Intercepts do not match, slope coefficient does not match.

Best Answer

The idea behind the differences that you are finding in your modelling is the following.

Suppose you have a left-hand-side variable $y$ and a regressor $x$. Suppose also that the variables are stationary (for simplicity). Then you have the following equations:

(1a) $y_t=\alpha_0+\alpha_1x_t+u_t$
(1b) $u_t=\psi_1u_{t-1}+...+\psi_pu_{t-p}+v_t+\zeta_1v_{t-1}+...+\zeta_qv_{t-q}$

There are two ways you can proceed.

  • Case A: you estimate equation (1a) first, obtain the residuals, then use them to estimate equation (1b).
  • Case B: you estimate both equations simultaneously.

In case A, in the first stage you implicitly make an assumption that the residuals in equation (1a) are independent across time. Then in the second stage you revoke this assumption and model the residuals from equation (1a) as an ARMA process given by equation (1b). (So there is an intrinsic contradiction between the assumptions in stage 1 and stage 2 that shows the weakness of this approach.)

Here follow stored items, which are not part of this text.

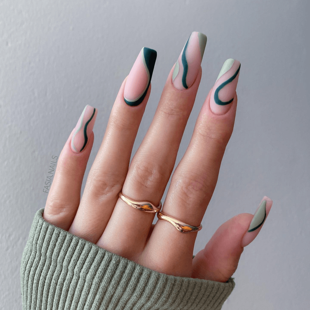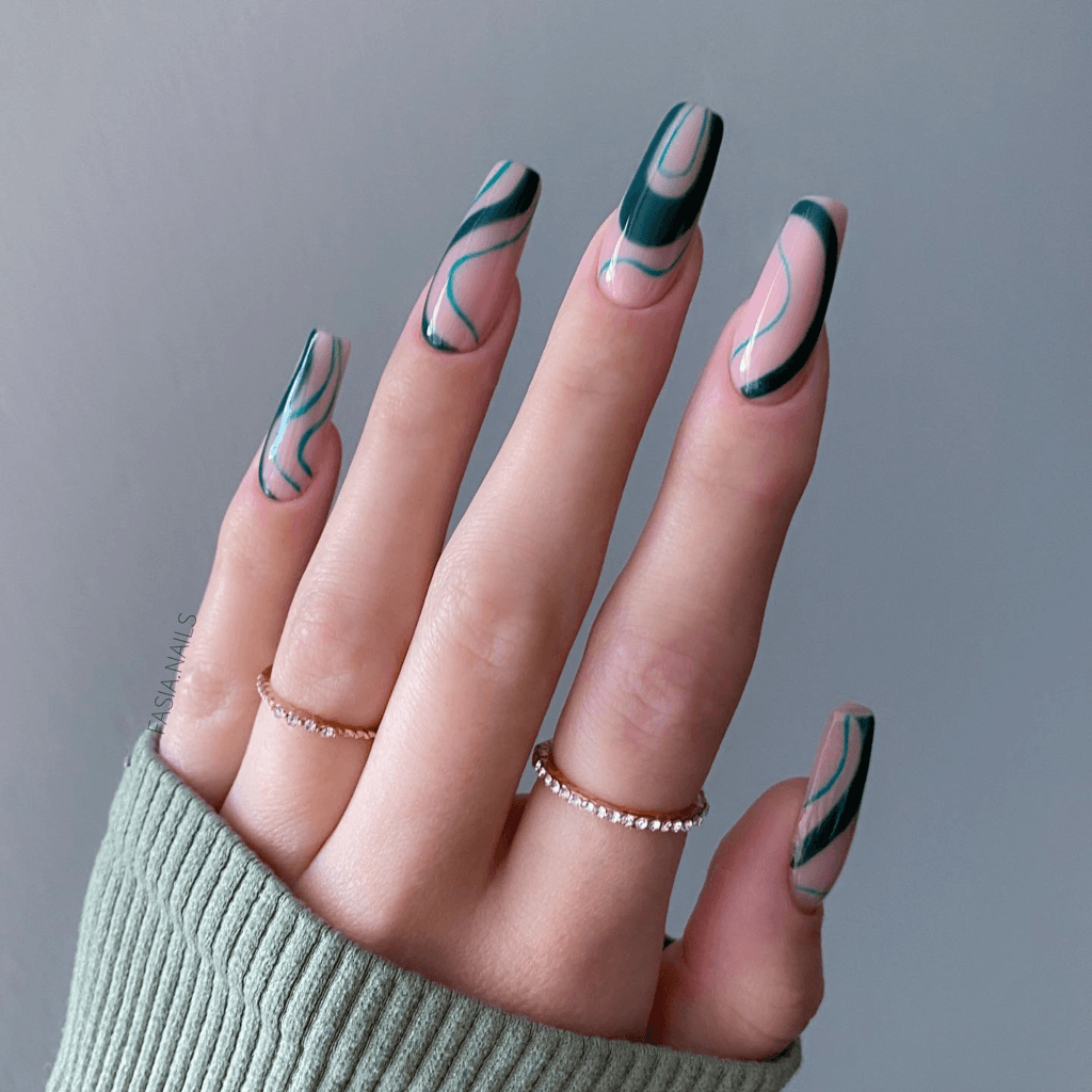 3. Whimsical Whirls: Emerald Nails with Playful Swirls & Twirls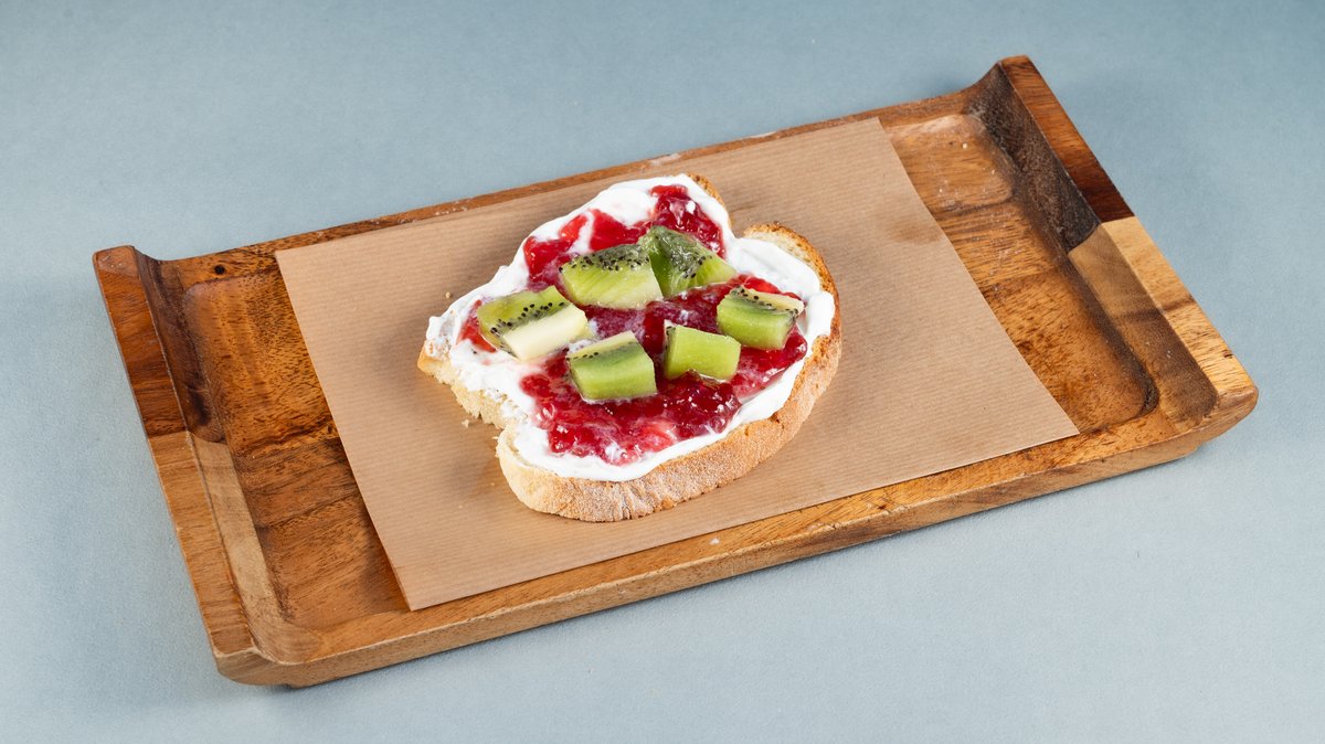Με 2 φέτες κέικ χειροποίητο, 1 αλμυρό κρουασάν mini της επιλογής σου, 1 mini κρουασάν με σοκολάτα και 2 φρυγανισμένες φέτες τοστ με άλειμμα της επιλογής σου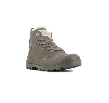 Baskets montantes Cuir nubuck Femme lacet+zip Doublure chaude Talon plat très souples Semelle crantée PALLADIUM HI ZIP WL Coloris gris rock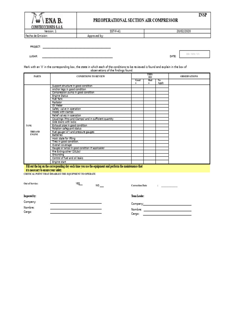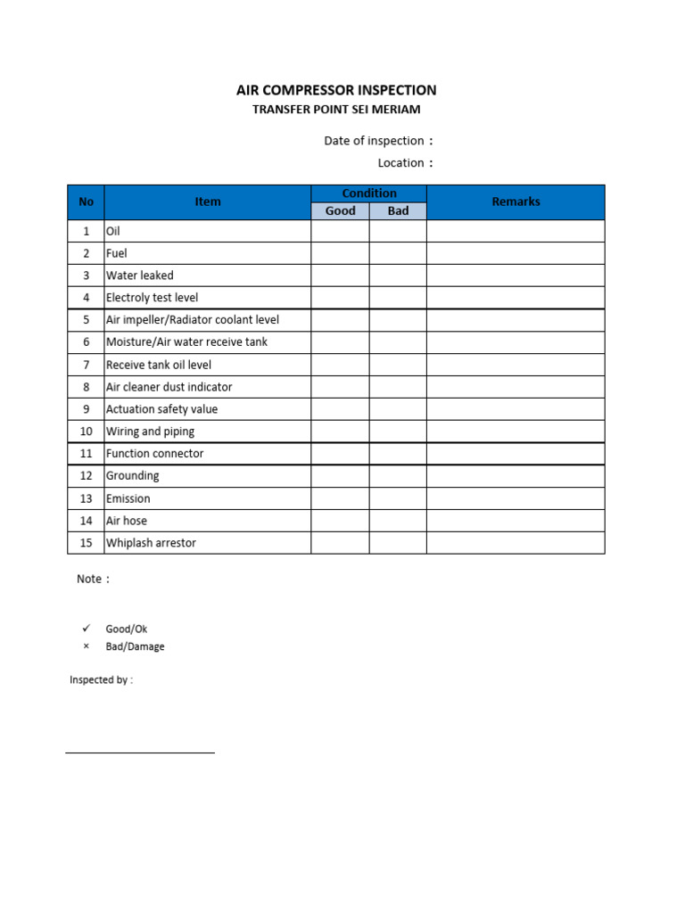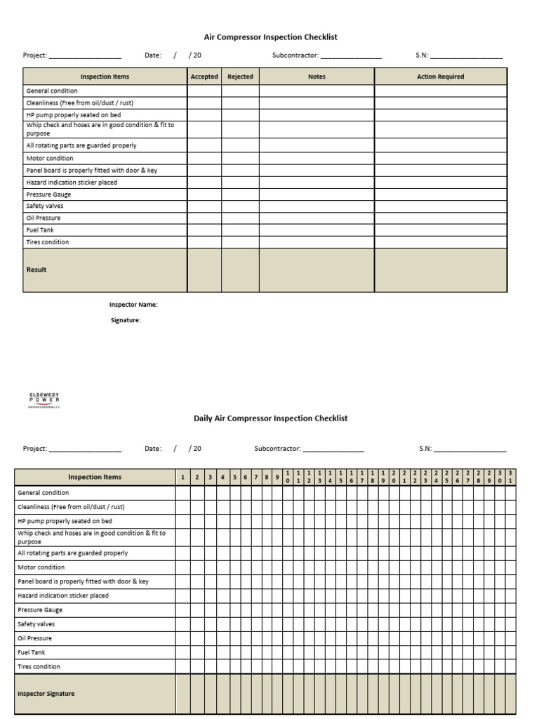 Air Compressor Inspection Sheet at Byron Wells blog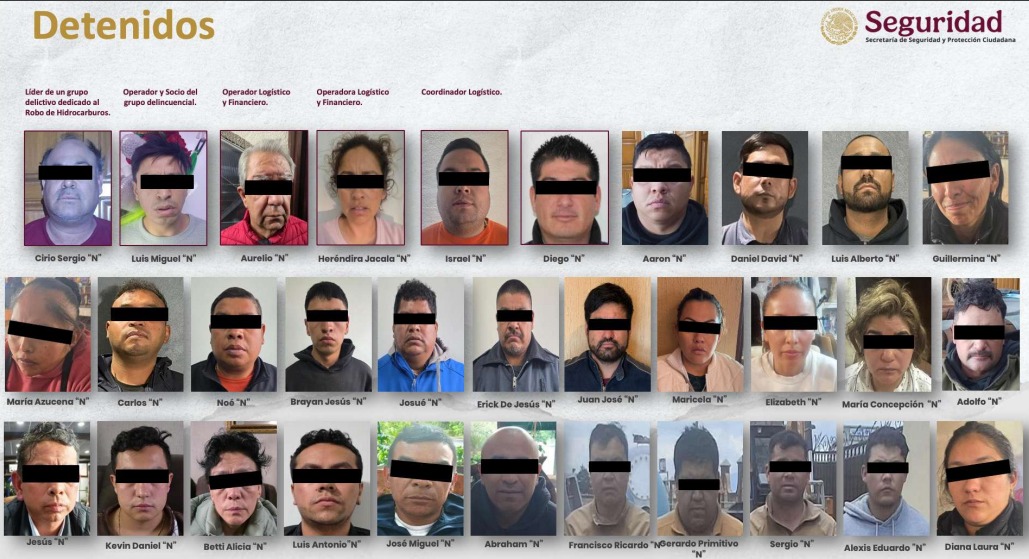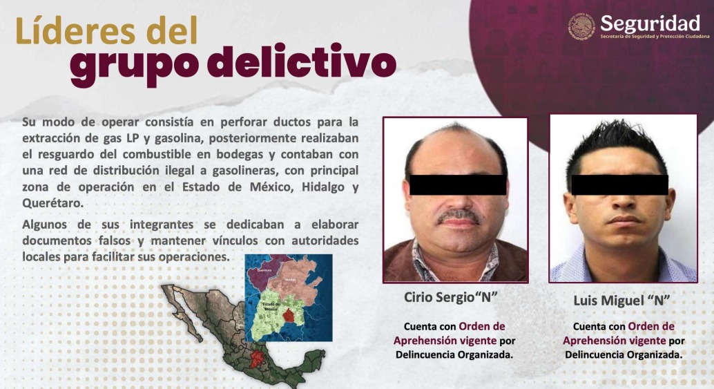 De acuerdo con las investigaciones, este grupo criminal estaba liderado por Cirio Sergio “N” y Luis Miguel “N”, con zona de operación en el Estado de México, Hidalgo y Querétaro, donde coordinaban el robo de hidrocarburos a gran escala.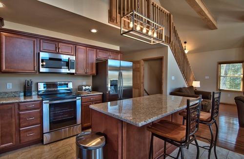 Justo más allá de la cocina, puede salir a la plataforma de 400 pies cuadrados que tiene vistas completas y sin obstrucciones del lago. ¡Allí puede sentarse en una silla de salón y respirar el aire fresco o relajarse leyendo un libro! ¡Un vuelo arriba hay otros dos dormitorios principales con baños privados y un área de loft para niños que tiene capacidad para 6 personas!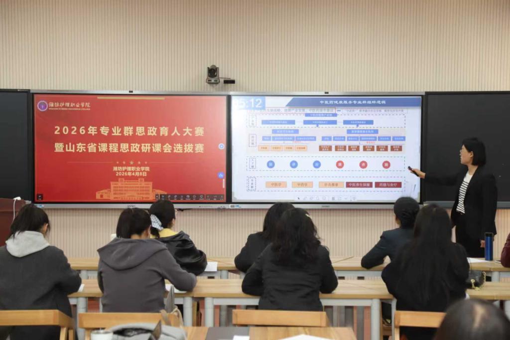 为全面落实立德树人根本任务,进一步推进学校专业群思政、专业思政和课程思政协同建设,健全“专业群—专业—课程”一体化思政育人体系,4月8日上午,潍坊护理职业学院2026年专业群思政育人大赛暨山东省课程思政研课会选拔赛在图书馆103教师成长研习坊举行。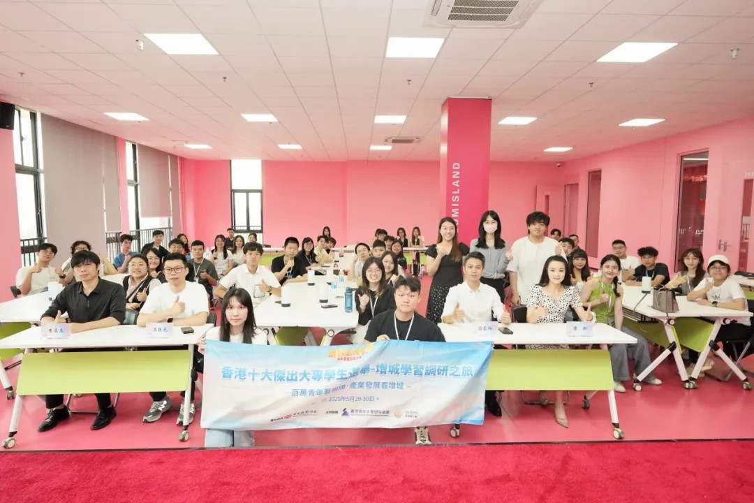 “百万青年看祖国·产业发展看增城-香港十大杰出大专学生选举—增城学习调研之旅”于2025年5月29日—30日在广东省广州市增城区举行,并于5月30日在广州桃花岛电商咨询有限公司产教融合实践教学基地开展电商研学之旅。36名香港青年大专学生通过理论教学与实景操作,系统学习地直播电商运营模式。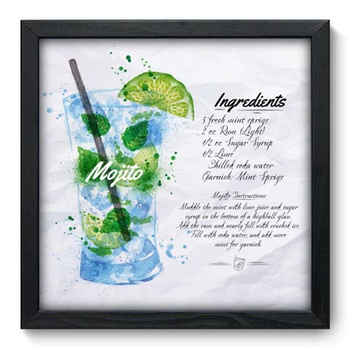 Quadro Decorativo com Moldura e Vidro - Mojito - Os quadros da Allodi ficam bem em todos os ambientes, na sala, no quarto, na cozinha, na varanda e até no cantinho do churrasco, dão um toque de qualidade na decoração do ambiente, com gancho na parte de trás para pendurar na parede ou colocar na prateleira. - Fabricados em madeira de alta qualidade (não é madeira pintada e nem MDF) e vidro anti-risco garantindo maior qualidade e beleza da imagem.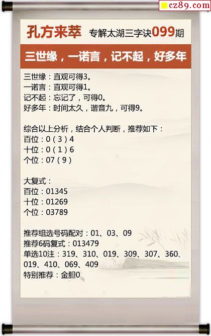 26年099期3d字谜太湖钓叟三字诀《保真》

In case B, you assume that the residuals from equation (1a) follow an ARMA process as given in equation (1b) and use this information when estimating equation (1a).

Thus there is a difference between the two cases; no wonder you get different results in your modelling where I think you are indeed comparing case A and case B.

I think you incorrectly assume that "the intercept shown to come from the regression using xreg= as the X variables, before any arima model is done on those residuals". This is very close to the truth, but not exactly true; you miss the fact that the function arima() uses the assumption given by equation (1b) when estimating equation (1a).

Thus the difference that you are finding in your modelling is supposed to be there.

There is also a case C:

(2) $(y_t-\mu_y)=\phi_0+\phi_1(y_{t-1}-\mu_y)+...+\phi_p(y_{t-p}-\mu_y)+\epsilon_t+\theta_1\epsilon_{t-1}+...+\theta_q\epsilon_{t-q}+\beta_1x_t$

where $\mu_y$ is the mean of $y$. Not sure, but perhaps one should also subtract the mean of $x$ to make the last term $\beta_1(x_t-\mu_x)$ instead of just $\beta_1x_t$.

Actually, case C seems more natural to me than case B given how we specify the arguments in arima(). Of course, this is subjective judgement. However, the interpretation of the coefficient $\beta_1$ in case C is much more difficult than in case B.

A nice related piece by prof. Hyndman can be found here. I borrowed some ideas from there when answering this post, so I can only recommend reading the original piece!

Disclaimer: I am not an expert on this topic, but I hope I got the idea right. If not, corrections are mostly welcome!